ベトナムは近年日本人の観光客に大変人気があり、商売面でも極めて緊密な関係になってきているが、この国のエネルギー問題についてはあまり日本では知られておらず、まして同国が比較的近い将来原子力発電を本気で計画していることは、一部の専門家を除いて、一般にはほとんど知られていないと思われる。そこで、そのような一般的日本人にも分かりやすい形でベトナムのエネルギー、電力問題の現状をまず紹介し、最後に日越間の原子力協力の可能性や問題点について論じて見たいと思う。

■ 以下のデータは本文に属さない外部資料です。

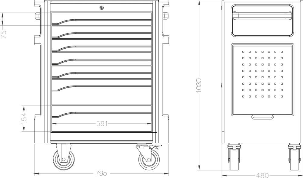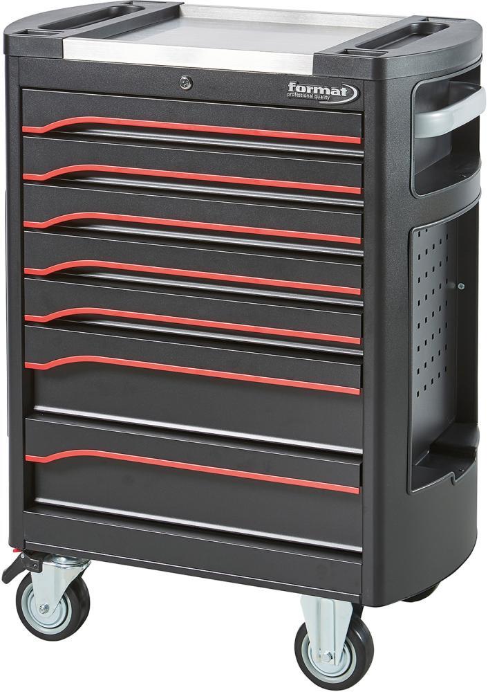 Dielenský vozík so sadou 116 ks Provedenie: Stabilná konštrukcia z oceľového plechu, zásuvky (všetky s možnosťou individuálneho rozdelenia) s plným výsuvom, jednotlivé blokovanie proti nežiaducemu otvoreniu počas presunu a vodicí koľajnice s guľkovými ložiskami. So 7 jednostrannými výsuvnými zásuvkami (5 x 75 mm výška (vhodné pre tri 1/3 moduly); 2 x 150 mm výška (vhodné pre tri 1/3 moduly)). Nerezová pracovná doska s plastovými policami vpravo a vľavo. Na oboch stranách so štvorcovým dierovaním (9 x 9 mm) pre upevnenie rôzneho príslušenstva. Centrálne uzamykateľný pomocou valčekového zámku. 2 vo vnútri umiestnené celogumové pojazdné kolieska a 2 celogumové otočné kolieska s brzdou koliesok na jednej strane (úplné zastavenie). Všetky kolieska sú uložené na guľkových ložiskách pre optimálny jazdný komfort. Povrch s práškovým povrchom. Rozsah dodávky: 1 nástrojový modul skrutkovačov 1/4" + 1/2", 59-dielny 18 krúžkových vidlicových kľúčov 8; 9; 10; 11; 12; 13; 14; 15; 16; 17; 18; 19; 21; 22; 24; 27; 30; 32 mm 1 ráčna s prepínacou páčkou 1/4", s 2-složkovou plastovou rukoväťou 10 vložiek pre šesťhranné nástrčné kľúče 1/4" 4; 5; 5,5; 6; 7; 8; 10; 11; 12; 13 mm 1 predĺženie 1/4" 50 mm 1 adaptér na bity 1/4" 1 ráčna s prepínacou páčkou 1/2", s 2-složkovou plastovou rukoväťou 17 vložiek pre šesťhranné nástrčné kľúče 1/2" 8; 10; 11; 12; 13; 14; 15; 16; 17; 18; 19; 21; 22; 24; 27; 30; 32 mm 8 adaptér-bitov 1/2" vnútorný šesťhran 4; 5; 6; 8; 10; 12; 14; 17 mm 2 predĺženia 1/2" 125; 250 mm 1 nástrojový modul súpravy ručného náradia, 57 ks 1 sada imbusových kľúčov, 9 ks, vnútorný šesťhran 1,5; 2; 2,5; 3; 4; 5; 6; 8; 10 mm 1 sada bitov, 37 kusov 4 skrutkovače s 2-složkovou plastovou rukoväťou, ploché 3; 3,5; 4; 5,5 mm 2 skrutkovače s 2-složkovou plastovou rukoväťou, krížová drážka PH 1; 2 1 kombinované kliešte 180 mm 1 úzke dlhé kliešte rovné, 200 mm 1 štípacie kliešte s bočným ostrím 160 mm 1 kliešte SIKO 250 mm 1 zámočnícke kladivo 500 g Výrobca: Einkaufsbüro Deutscher Eisenhändler GmbH, EDE Platz 1, 42389 Wuppertal, DE, +4920260960, webkontakt@ede.de

 ちなみに、筆者は元来国際政治が専門で、エネルギー問題の専門家ではないが、約35年前、ベトナム戦争の最盛期に外交官として南ベトナム(当時)に在勤し、たまたま歴史的なテト攻勢(1968年)が勃発した際は、中部のフエで米越両軍間の激戦に直接巻き込まれ、危うく「戦後日本外交官殉職第1号」になりかけるという貴重な体験をした。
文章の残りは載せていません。